_Your goal:_ Repeat exactly the lines below, from the line containing "OBERLIN EVANGELIST" through the last line, both included. Leave out any pictures.

_Material for this task:_
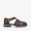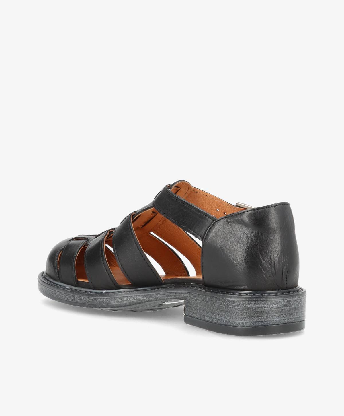 Denne sorte lædersandal er et stilrent valg til dig, der ønsker et klassisk og alsidigt udtryk. Det glatte, sorte læder giver et elegant look, som nemt kan styles til både hverdag og mere formelle anledninger. Sandalen har lukket tå, der beskytter foden og tilfører et sofistikeret præg, samt en fast hælkappe, som giver ekstra støtte og stabilitet. Det justerbare spænde ved anklen sikrer, at du kan tilpasse pasformen, så sandalen sidder behageligt hele dagen.
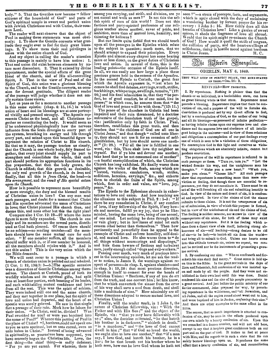 OBERLIN EVANGELIST
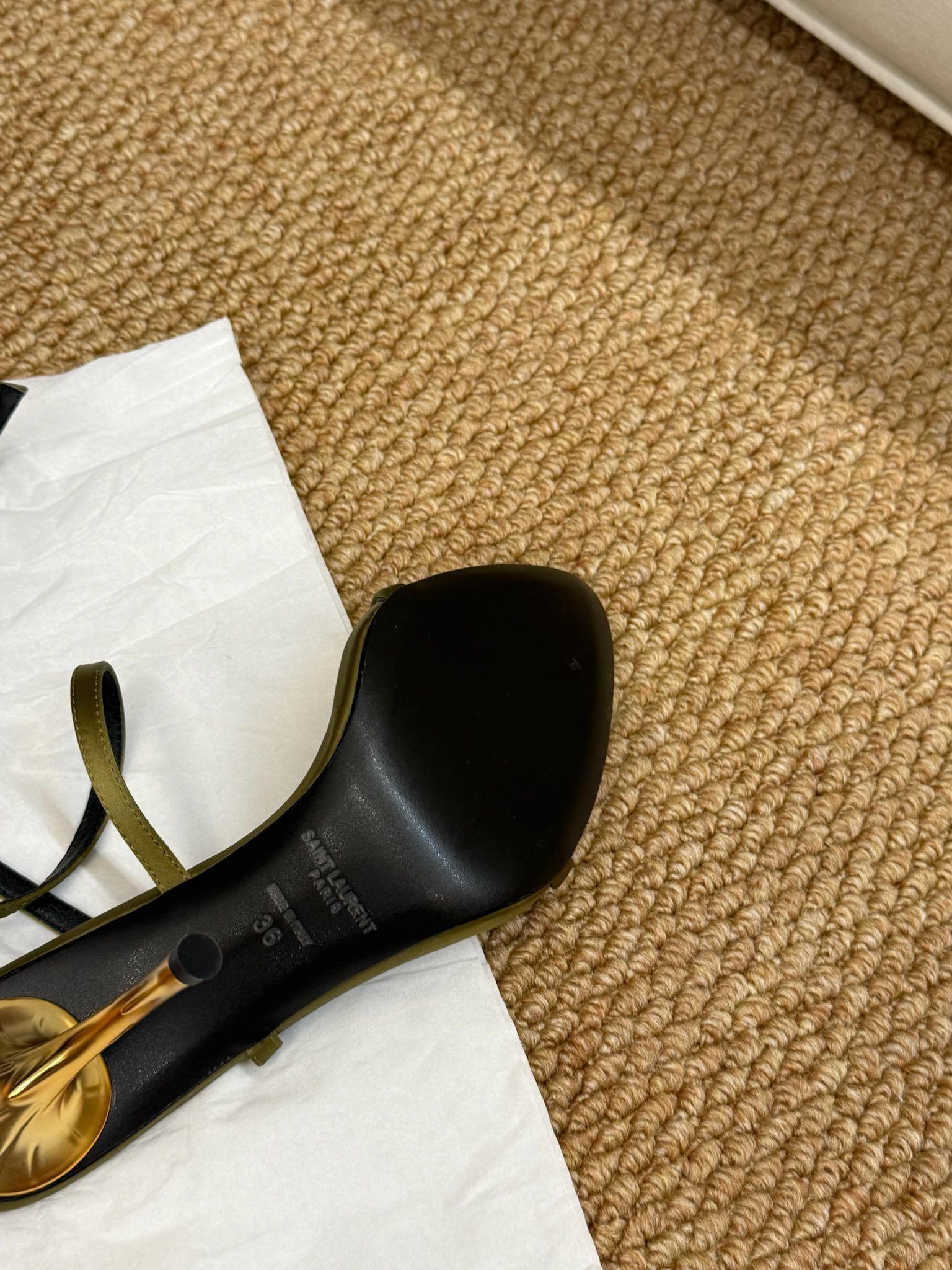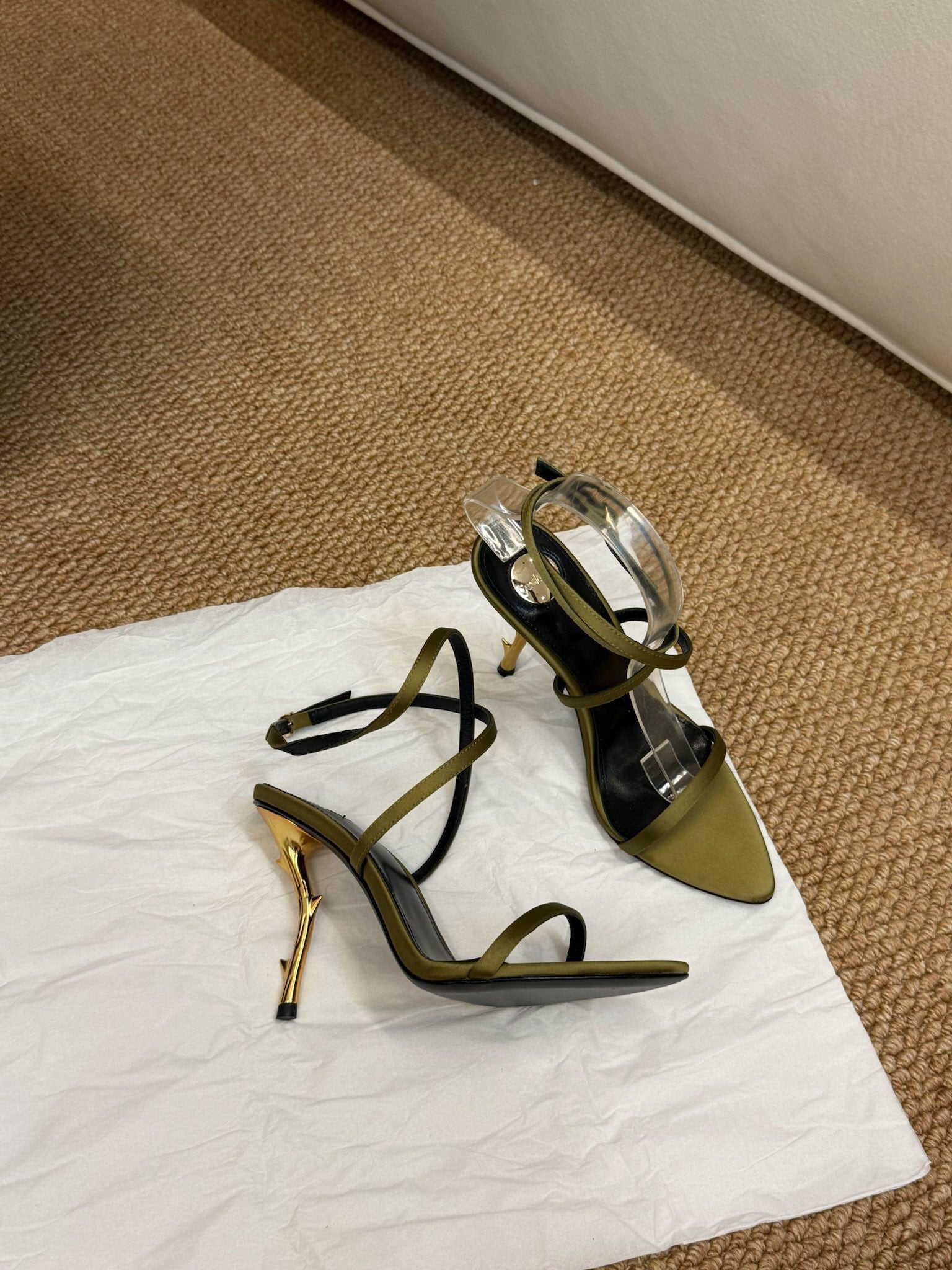 YSL HIGH HEEL SANDALS 25S IN MOSS GREEN SATIN AND LAMBSKIN
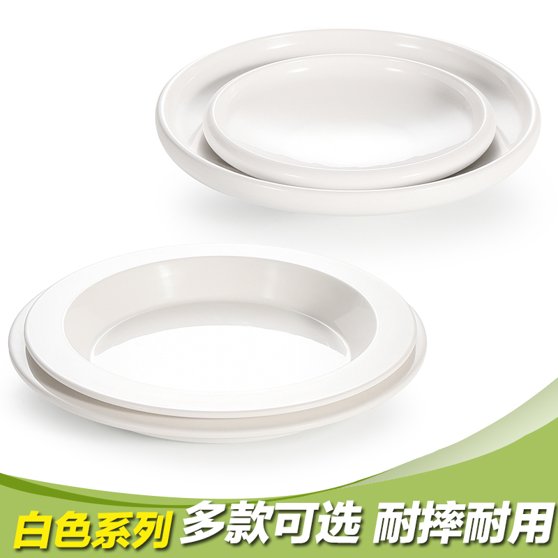 A5 melamine thickened white imitation porcelain Japanese round plate soup plate plate hotel restaurant plate deep plate
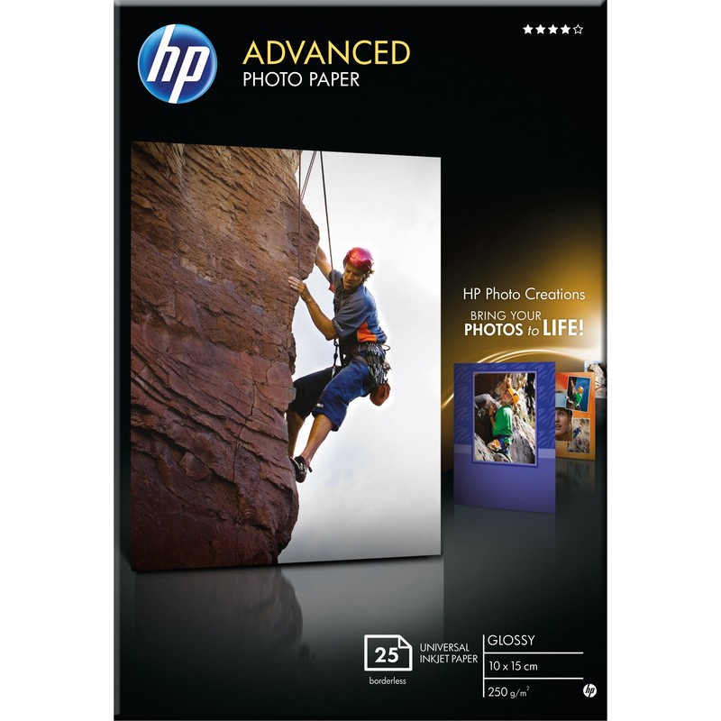 Papier photo jet d'encre HP Advanced, ultrabrillant papier photo à finition brillante à séchage instantané et résistant à l'eau, pour l'impression de photos de qualité professionnelle aux couleurs vives, les photos gardent leur élasticité et leur éclat même en présence d'une forte humidité, idéal pour les instantanés, tirages de contrôle et la multicopie, sans languette détachable. Pour imprimantes jet d'encre. Emballage de 25 feuilles.
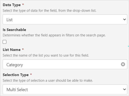 This field type allows the user to choose items from a pre-defined Named List. You can also specify whether only a single item should be selected, or if multiple items can be selected.

_Expected answer:_
 OBERLIN EVANGELIST
 YSL HIGH HEEL SANDALS 25S IN MOSS GREEN SATIN AND LAMBSKIN
 A5 melamine thickened white imitation porcelain Japanese round plate soup plate plate hotel restaurant plate deep plate
 Papier photo jet d'encre HP Advanced, ultrabrillant papier photo à finition brillante à séchage instantané et résistant à l'eau, pour l'impression de photos de qualité professionnelle aux couleurs vives, les photos gardent leur élasticité et leur éclat même en présence d'une forte humidité, idéal pour les instantanés, tirages de contrôle et la multicopie, sans languette détachable. Pour imprimantes jet d'encre. Emballage de 25 feuilles.
 This field type allows the user to choose items from a pre-defined Named List. You can also specify whether only a single item should be selected, or if multiple items can be selected.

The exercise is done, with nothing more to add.